Approximately 13% of the human genome at certain motifs have the potential to form non-canonical (non-B) DNA structures (e.g. G-quadruplexes, cruciforms, and Z-DNA), which regulate many cellular processes, but also affect the activity of polymerases and helicases. Because sequencing technologies utilize these enzymes, they might possess increased errors at non-B structures. To evaluate this, we analyzed error rates of Illumina, Pacific Biosciences (PacBio) HiFi, and Oxford Nanopore Technologies (ONT) sequencing at non-B motifs. Single-nucleotide error rates were generally increased for G-quadruplexes (G4s) and Z-DNA motifs in all three technologies. Deletion error rates were also increased for all non-B types except for Z-DNA motifs in Illumina and PacBio HiFi, while in ONT they were increased substantially only for G4 motifs.

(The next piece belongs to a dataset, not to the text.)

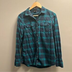 Eddie Bauer women’s Teal and Navy Plaid Button-Down Shirt classic fit size M

Insertion error rates for non-B motifs were highly elevated in Illumina, moderately elevated in PacBio HiFi, and only slightly elevated in ONT. Thus, elevated sequencing errors at non-B DNA motifs should be considered in low-read-depth studies (single-cell, ancient DNA, and pooled-sample population sequencing) and when scoring rare variants. Combining technologies should maximize sequencing accuracy in future studies of non-B DNA.
Learning Objectives:
1. Describe alternative (non-B) DNA structures, how prevalent are they and what are their biological implications?
2. Explain why non-B DNA structures might be relevant for sequencing technologies.
3. Identify examples where non-B DNA induced sequencing errors might be relevant.